In the past, computational ‘cost’ has been a major limiter for specific search techniques. A high computational cost, whether of resources or computing time, could easily make a particular search technique either impractical or impossible for certain use cases.
This is why SVR represents a groundbreaking shift in search techniques. It makes LSI a far more practical option for many more use cases, and it also points to a potential path by which the power and efficiency of LSI could be made to work well within internet search engines.
But in the meantime, it’s not as if LSI isn’t being used at all. It definitely is, but it’s being used for applications where it makes the most sense.
SVR adds to that list of applications in a big way.
Search engines, whether they’re popular internet search engines with millions of users or bespoke search engines for professionals and specialists, offer a range of utility and efficiency.
Current search techniques in use by major search engines are practical and effective for many use cases, but they fail in specific instances, especially in terms of accuracy, which highlights the need for substantial improvement.
Historically, LSI has proven to be superior to other search techniques in several key areas, but the computational cost associated with LSI also limits its number of practical applications.

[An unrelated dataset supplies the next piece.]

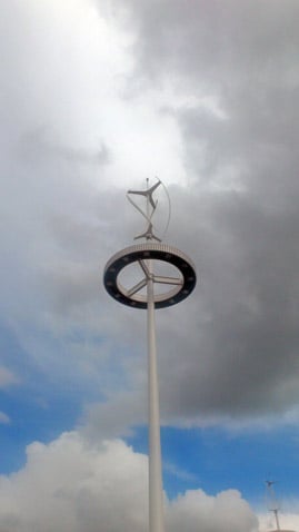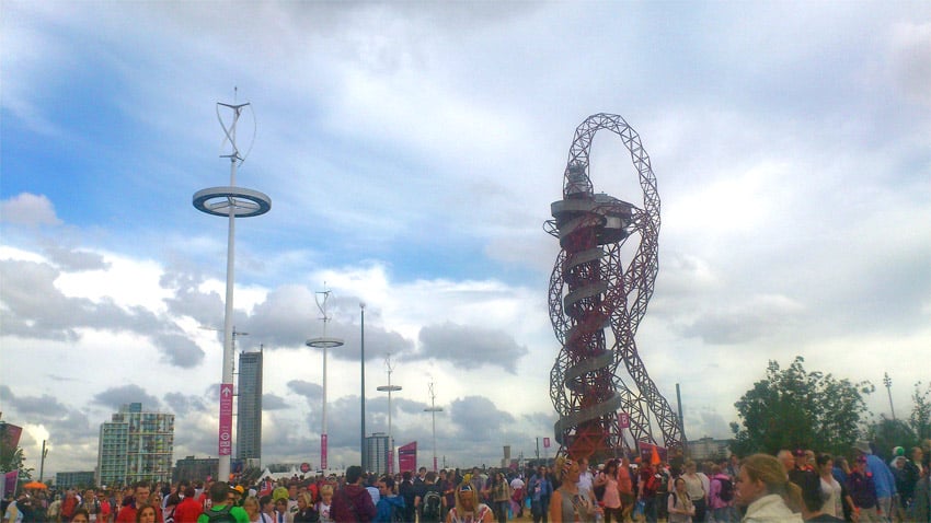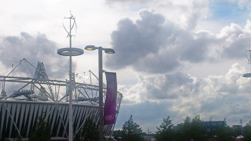 Autour du stade olympique, 7 turbines à axe vertical de type « qr5 » accueillent athlètes et spectateurs. Fabriquées par le groupe britannique quietrevolution, elles ont une puissance unitaire de 8 kW et peuvent produire jusqu’à 7 500 kWh par an quand le vent atteint des pics de 7 m/s selon le constructeur. Le coût de chacune de ces éoliennes, atteignant 40 000 livres sterling (près de 50 000 euros), devrait être amorti au bout de 12 ans.

Dr. Hua Yan has proposed a modification to LSI known as SVR, and during experiments, SVR has outperformed other LSI search methods. These findings have been published via multiple research papers: “Techniques For Improved LSI Text Retrieval” and “Augmenting the power of LSI in text retrieval: Singular value rescaling.”
SVR has the potential to bridge the gap between hyper-efficient LSI and the large-capacity but flawed techniques currently being used by major search engines.
Special thanks to Dr. Hua Yan for leading this fascinating look at LSI, SVR, and search techniques in a more general sense as well.